Чекан начинал злиться, уже поняв: ничего он здесь не найдет, тревога оказалась ложной. Но нужно было проверить все до конца, мало ли тайников найдется в машинах.
Покончив с транспортом, начали личный досмотр всех, кто ехал в машинах. Людей поднимали из снега и, приставив пистолет к затылку, тщательно ощупывали.
Из карманов на снег выбрасывали записные книжки, бумажники, авторучки, носовые платки. Никто, кроме Клауса Фишера, ничего не понимал.
Денег бандиты не брали, украшениями не интересовались, а то, что это бандиты, Клаус понял сразу. Он не строил иллюзий, знал наверняка — охотятся на деньги, которые доктор Рычагов собирался передать с ним для приобретения клиники. И Клаус Фишер, в общем-то, человек не верующий, бывший член Единой Социалистической партии Германии, беззвучно молился Богу за то, что он его спас руками руководства миссии, приславшего факс о срочном отъезде.
Рацию разбили, сотовый телефон забрали. Джип и две легковые машины растворились в темноте. Ни номеров, ни лиц бандитов никто толком не рассмотрел.
С полчаса ушло на то, чтобы оживить хоть один грузовик, перед отъездом бандиты оборвали все провода.
Начали решать, кому ехать на грузовике до ближайшего поста ГАИ, а кому остаться сторожить конвой. Было непонятно, что более опасно — продолжить движение или остаться на месте. Неожиданно Клаус Фишер вызвался ехать на пост ГАИ. Никто с ним спорить не стал. Он подстелил одеяло на искореженное сиденье, и машина двинулась по дороге в направлении Смоленска.
На перекрестке, километрах в двадцати от места нападения, стояла машина ГАИ, двое гаишников сидели внутри и пили чай из термоса. Работал портативный телевизор, они смотрели эстрадный концерт. Клаус Фишер затормозил, выскочил и судорожно бросился к «Волге» с мигалкой. Он застучал в дверцу, гаишники даже перепугались этого растрепанного мужчины, подумав, что он пьян или не в себе.

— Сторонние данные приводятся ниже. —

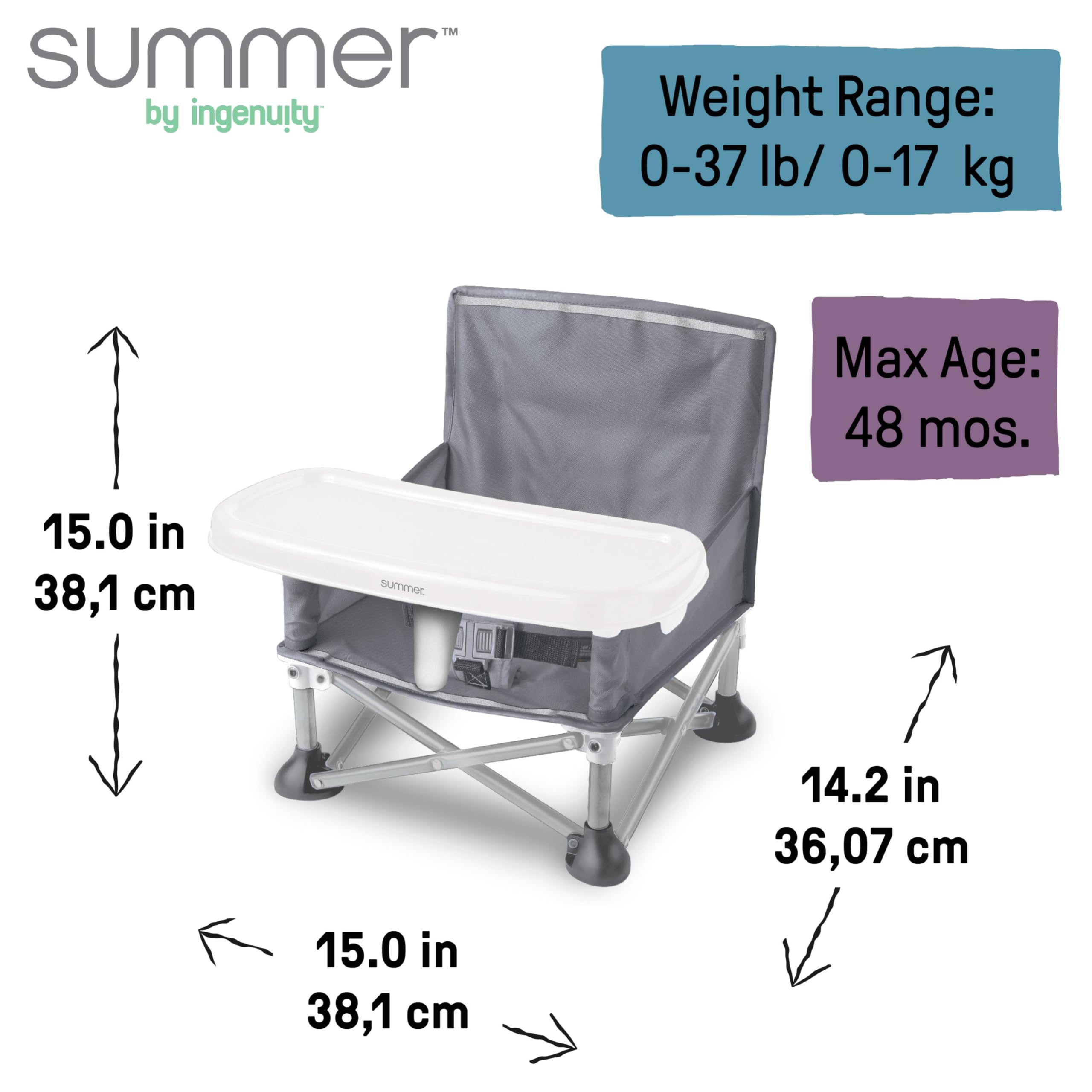 The original Summer Pop 'N Sit Portable Booster is the ultimate go & grow seat, with over 2 million sold worldwide! This #1 Booster Seat* has 3 modes of use: floor seat, feeding seat with removable tray, and toddler booster. For babies, attach to an adult chair using the included straps and BPA free tray to create a portable chair top high chair. For toddlers, use the seat as a booster that can pull up to the table by removing the tray. In floor mode, you can use the Pop ‘N Sit whenever you need an extra seat - picnics, sporting events, or right at home! The rear storage pocket holds your daily essentials. Folds compactly when not in use and includes a carrying bag with shoulder strap. This seat is a new parent must-have that requires no tools for assembly. Dishwasher safe tray. Seat and straps wipe clean with a damp cloth and mild soap. Folded dimensions: 15 x 13.5 x 14.75” or 5 x 15”. Made for 6 months to 3 years old or up to 37 pounds. Third party safety tested and approved. (*Circana, Retail Tracking Service, U.S., Highchairs-Boosters, dollar sales, Jan-Nov 2023 combined)

Когда открыли дверцу, Фишер принялся сбивчиво перескакивать с русского на немецкий, объяснять, что произошло. Гаишники никак не могли поверить услышанному и взять в толк, какого черта кто-то станет тормозить пустые автомобили, которые возвращаются из России в Германию, да еще с красными крестами на бортах. Подобного они никогда не слышали.
Вот когда машины шли с грузом, тогда понятно, было чем поживиться, везли ведь и технику, и компьютеры, и медикаменты, теплую одежду. В общем, было чем разжиться. А чтоб вот так, пустые… Одним словом, это была не их проблема. Они связались по рации со всеми постами ГАИ, сделали оповещение. Но время ушло, и те, кто напал, были уже далеко от места происшествия. Да и как ты их найдешь, если номера и марки машин не известны, известно лишь, что автомобилей было два, а может, и три. Этот глупый немец так ничего и не запомнил толком. Клаусу дали чая, и он трясущимися руками сжал горячую кружку, расплескивая чай, пытался сделать хоть один глоток, но это ему не удавалось.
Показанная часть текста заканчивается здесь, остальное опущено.